The troubled rollout of the Oracle Cerner software, coupled with VA’s determination that an entirely new EHR system is needed, has led to bipartisan calls for new accountability requirements and program oversight within the department. 

Rep. Mark Takano, D-Calif. — ranking member of the House Veterans’ Affairs Committee — and Rep. Mike Bost, R-Ill. — who chairs the panel — introduced legislation in April that would enhance oversight of the EHR system’s deployment by, in part, requiring medical facilities currently using the new software to meet or exceed performance metrics before any new rollouts can occur. The bill is based on Senate legislation introduced by Tester. 

VA officials pushed back on the need for new legislation, however, telling lawmakers in July that enacting new requirements for the program could lead to “unintended outcomes in the future.” Both the department and Oracle Cerner have stressed the system upgrades and improvements they have made to the new EHR system during the ongoing reset period. 

During a House Veterans’ Affairs Subcommittee hearing in November, Kurt DelBene — VA’s assistant secretary for information and technology and chief information officer — said that, as of Nov. 8, the department had gone 185 consecutive days without a reported outage in the system. DelBene also said the department is still planning a joint deployment of the new system with DOD at the Captain James A. Lovell Federal Health Care Center in North Chicago, Illinois next year, but does not currently have other rollouts of the system planned. 

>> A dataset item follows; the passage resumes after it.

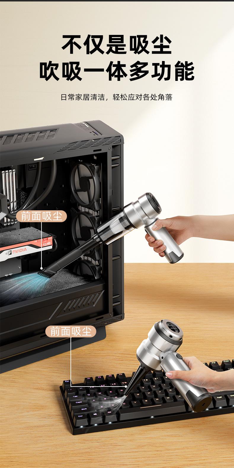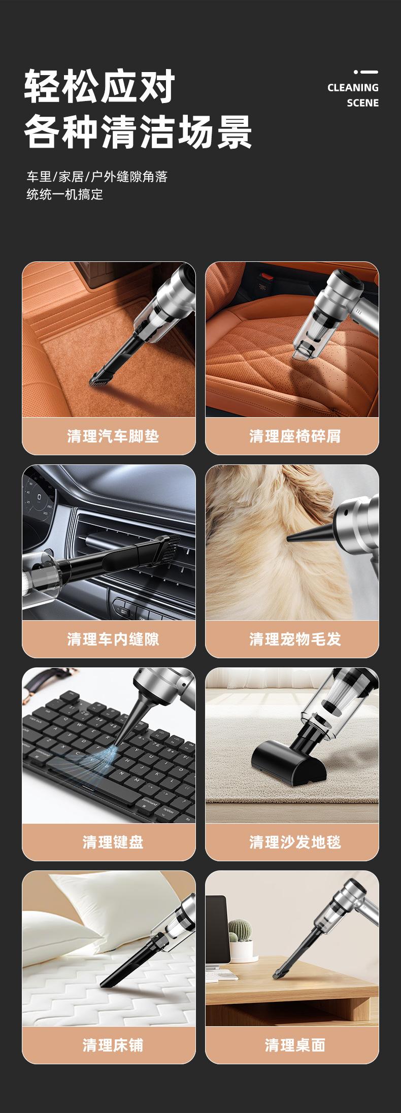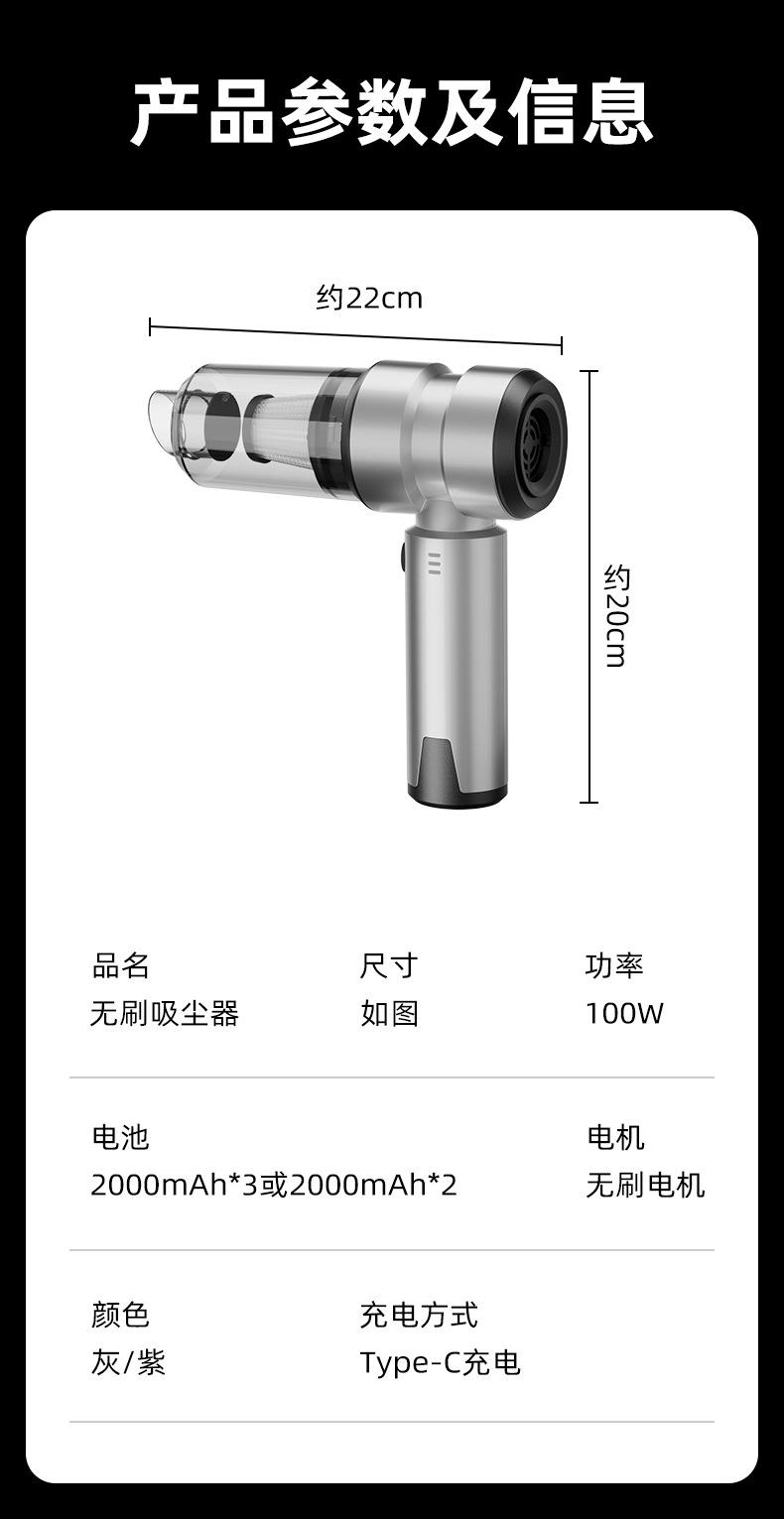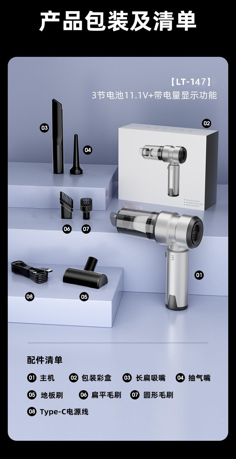 Acessórios: escova, tubo plano, bocal grande,USBCabo de carregamento, (três acessórios infláveis), haste longa, escova de haste longa

In a statement to Nextgov/FCW, VA Press Secretary Terrence Hayes said “VA will not schedule additional deployments until we are confident the new electronic health record is functioning highly at current sites and ready to deliver for veterans and VA clinicians at future sites.” 

Hayes said readiness will be determined by “measurable improvements in the clinician and veteran experience,” as well as “sustained high performance and high reliability of the system” and “improved productivity at the sites where the new federal EHR is in use.”

“When these criteria have been met and the reset concludes, VA will release a new deployment schedule and resume deployment activities at new sites,” he added. “Meantime, the department remains committed to resuming the system rollout and, in 2024, will be continuously evaluating readiness to restart.”